- [Your assignment]: From the entries below, print exactly the span beginning with the line holding "Luce un estilo" and ending with the line holding "SACOCHE POUR BAZOOKA", endpoints included, and skip any pictures.
Segment Start: Data shown
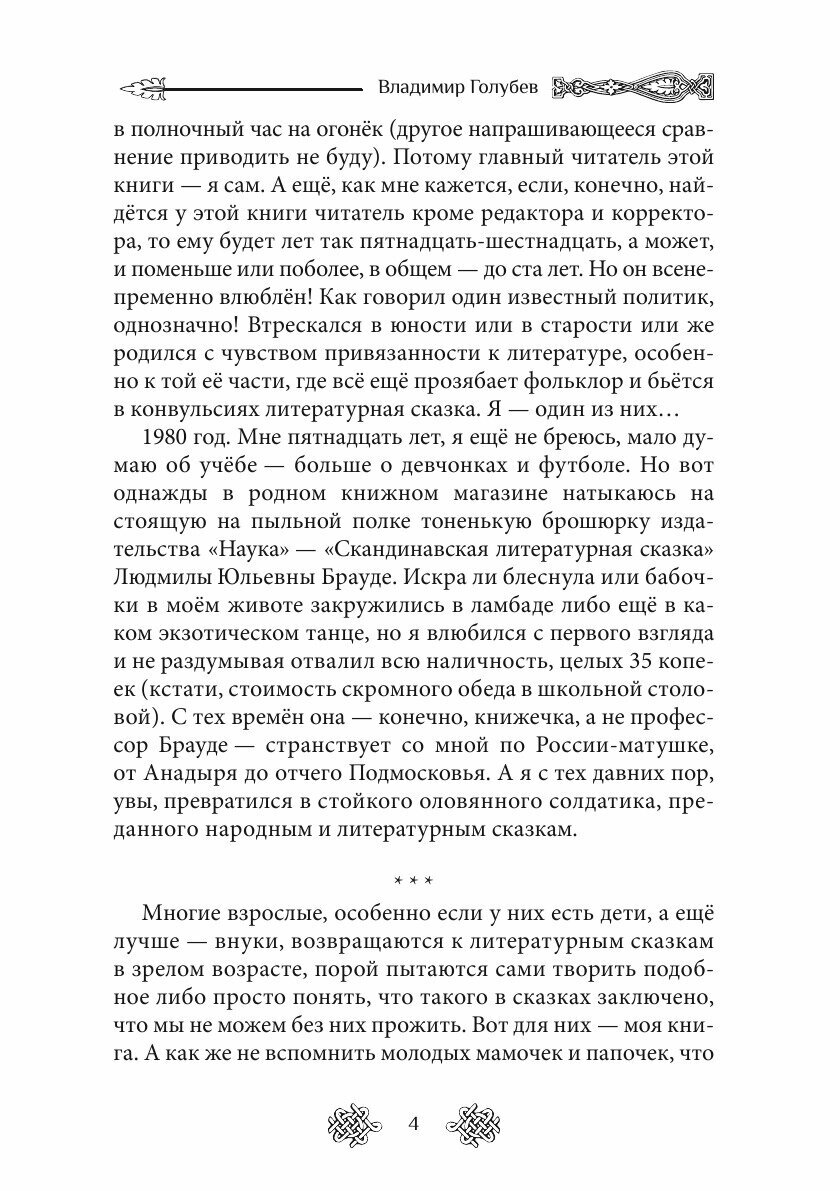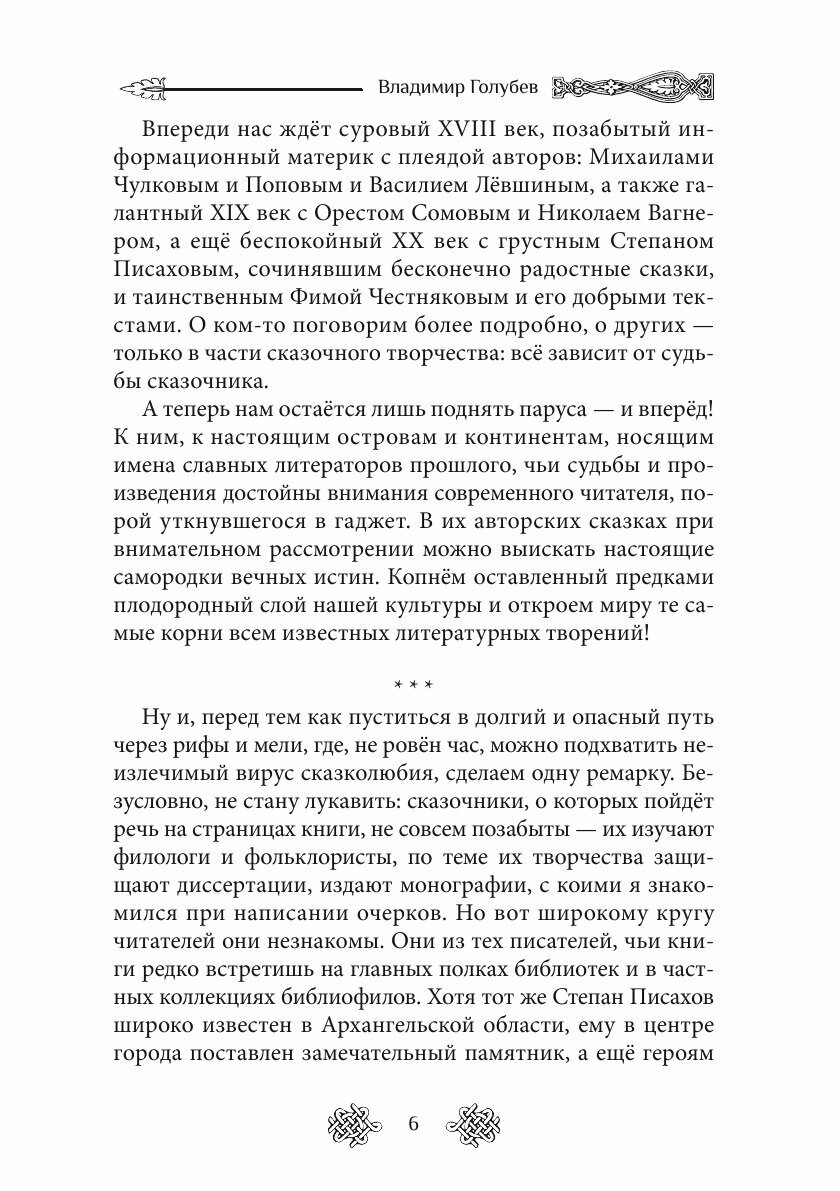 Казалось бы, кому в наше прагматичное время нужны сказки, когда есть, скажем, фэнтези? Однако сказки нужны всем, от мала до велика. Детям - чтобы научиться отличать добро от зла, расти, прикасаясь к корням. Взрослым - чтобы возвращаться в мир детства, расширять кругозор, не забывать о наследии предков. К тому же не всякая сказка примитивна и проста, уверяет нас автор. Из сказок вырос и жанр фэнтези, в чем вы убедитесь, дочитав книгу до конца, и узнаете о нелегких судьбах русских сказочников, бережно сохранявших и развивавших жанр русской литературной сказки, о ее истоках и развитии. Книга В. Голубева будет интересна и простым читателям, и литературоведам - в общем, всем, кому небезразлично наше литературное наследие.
Segment End: Data shown
Segment Start: Data shown
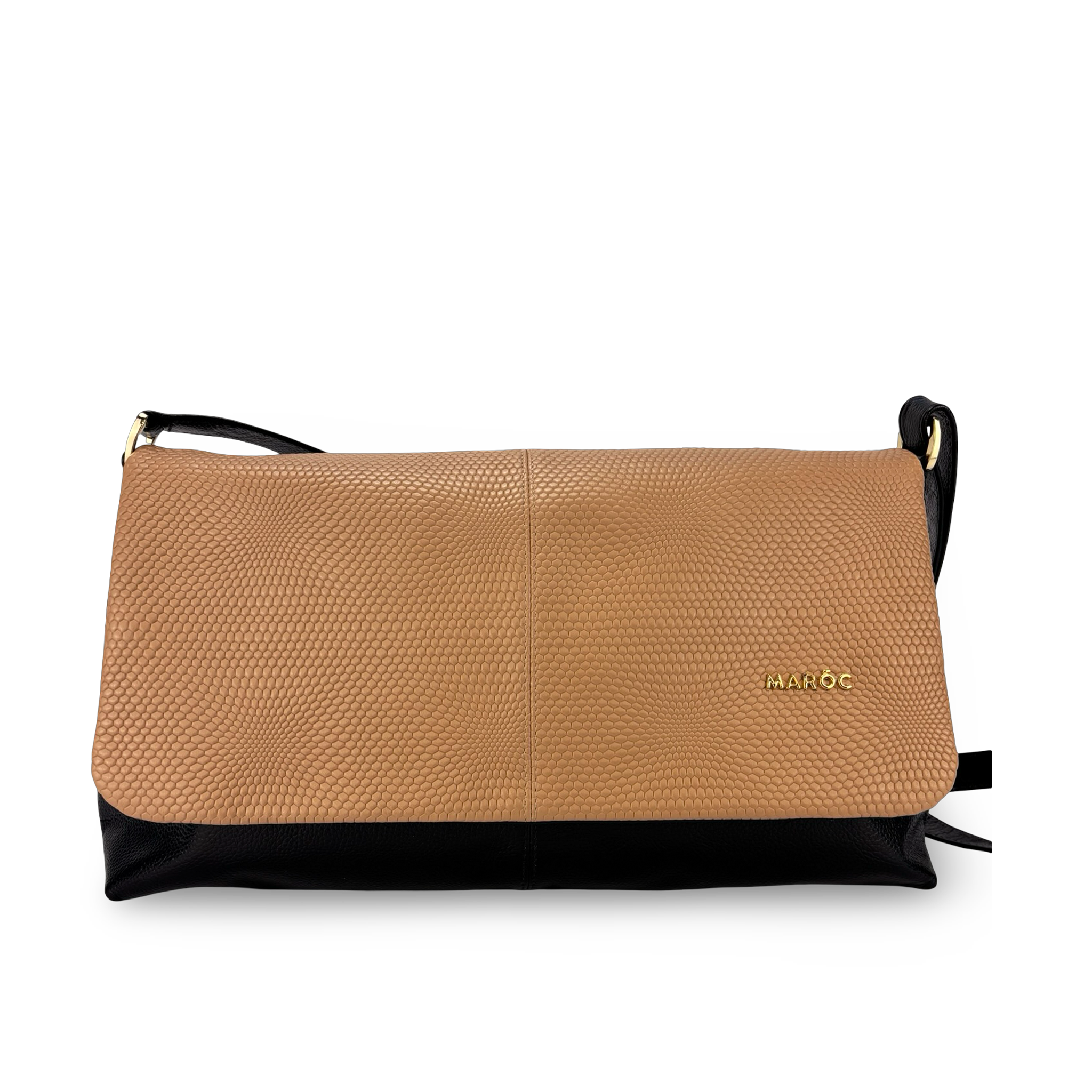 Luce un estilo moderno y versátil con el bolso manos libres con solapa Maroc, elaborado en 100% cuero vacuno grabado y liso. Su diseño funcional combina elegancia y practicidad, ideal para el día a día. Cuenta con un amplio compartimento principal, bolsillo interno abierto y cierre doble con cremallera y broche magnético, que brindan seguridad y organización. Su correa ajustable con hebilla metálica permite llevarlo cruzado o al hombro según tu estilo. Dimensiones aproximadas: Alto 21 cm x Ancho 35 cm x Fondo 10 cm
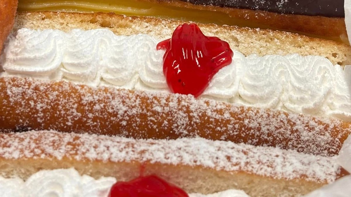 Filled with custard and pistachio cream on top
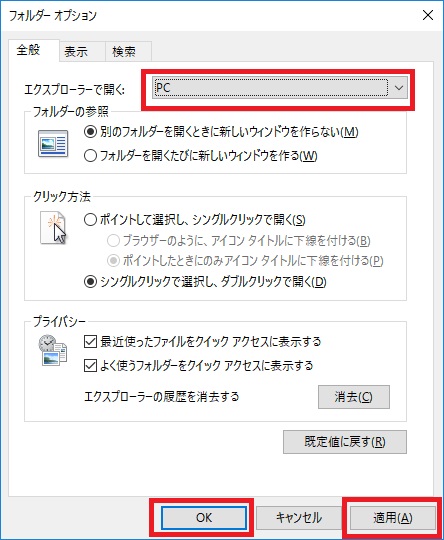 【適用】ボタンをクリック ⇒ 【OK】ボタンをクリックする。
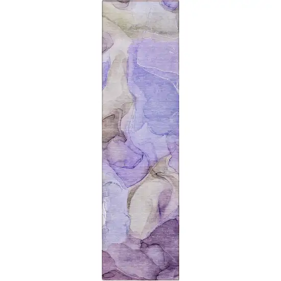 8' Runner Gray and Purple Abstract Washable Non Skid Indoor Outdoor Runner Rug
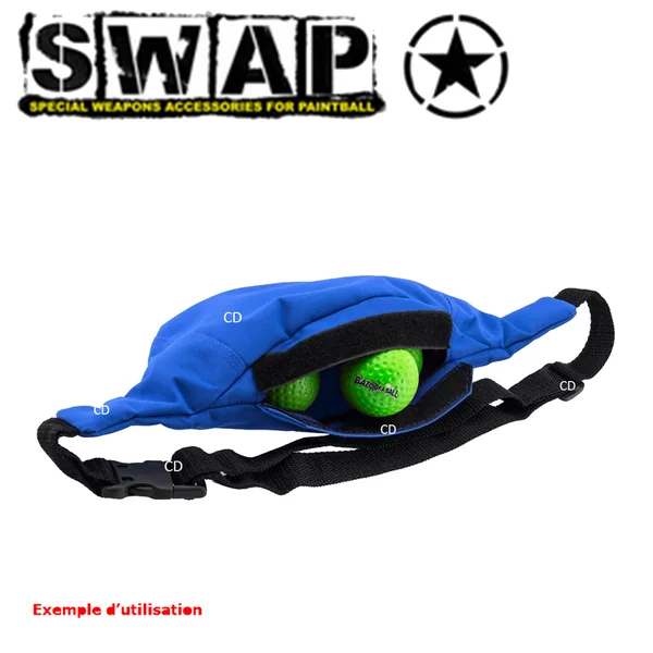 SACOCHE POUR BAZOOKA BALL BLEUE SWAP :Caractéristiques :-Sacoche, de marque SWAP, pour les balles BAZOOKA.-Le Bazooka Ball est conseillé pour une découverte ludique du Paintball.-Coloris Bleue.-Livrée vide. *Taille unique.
Segment End: Data shown
- [Answer section]:
 Luce un estilo moderno y versátil con el bolso manos libres con solapa Maroc, elaborado en 100% cuero vacuno grabado y liso. Su diseño funcional combina elegancia y practicidad, ideal para el día a día. Cuenta con un amplio compartimento principal, bolsillo interno abierto y cierre doble con cremallera y broche magnético, que brindan seguridad y organización. Su correa ajustable con hebilla metálica permite llevarlo cruzado o al hombro según tu estilo. Dimensiones aproximadas: Alto 21 cm x Ancho 35 cm x Fondo 10 cm
 Filled with custard and pistachio cream on top
 【適用】ボタンをクリック ⇒ 【OK】ボタンをクリックする。
 8' Runner Gray and Purple Abstract Washable Non Skid Indoor Outdoor Runner Rug
 SACOCHE POUR BAZOOKA BALL BLEUE SWAP :Caractéristiques :-Sacoche, de marque SWAP, pour les balles BAZOOKA.-Le Bazooka Ball est conseillé pour une découverte ludique du Paintball.-Coloris Bleue.-Livrée vide. *Taille unique.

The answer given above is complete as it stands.